J; I've read what you said again-my difficulty is that I read it as being somewhat ambigious, and I may be off-beam here. Where do you stand regarding the civilian in the "target" areas?

To be crystal clear, I believe civilian noncombatants should be protected from military weapons effects to the greatest extent possible. I think the US military has tried to obey the laws of war and that McCrystal's attempt to stress the importance of avoiding civilian deaths was a good one.

But (there's always a but) it certainly is made more difficult when the adversary is not uniformed.
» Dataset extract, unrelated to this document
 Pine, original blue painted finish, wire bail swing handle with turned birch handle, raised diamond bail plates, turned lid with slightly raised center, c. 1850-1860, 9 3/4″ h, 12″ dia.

And the idea that civilians should be left out of the impact of war has become increasingly difficult since, oh, say 1915. My major point is that I do not favor this focus on excluding the use of unconventional and less-than-lethal weapons because of the possible impact on civilians when, on the other hand, so many of them are dieing from conventional weapons.

It seems hipocritical to me. If you're worried about civilian deaths, then you have to be less quick to pull the trigger on any weapon system, not just the ones that get bad press.
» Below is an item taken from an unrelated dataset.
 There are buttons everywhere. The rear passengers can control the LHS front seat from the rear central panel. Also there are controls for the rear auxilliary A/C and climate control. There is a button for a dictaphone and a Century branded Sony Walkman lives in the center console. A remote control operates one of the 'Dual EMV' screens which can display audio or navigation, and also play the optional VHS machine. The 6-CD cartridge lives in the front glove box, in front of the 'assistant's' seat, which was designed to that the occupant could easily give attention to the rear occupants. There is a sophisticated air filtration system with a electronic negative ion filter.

No, not hypocritical, I think, just circumspect- as I see it, anyway.
Depends on the situation presented, I guess, whether there's a reaction favourable (Pavlovian) to the scene, or time to think about it.

Here's an analysis of some of the bad publicity and controversy that followed the pain ray around.

DoD's publicity campaign, which simply involved enlisting as many journalists as possible to stand in a field and get fired on, backfired catastrophically.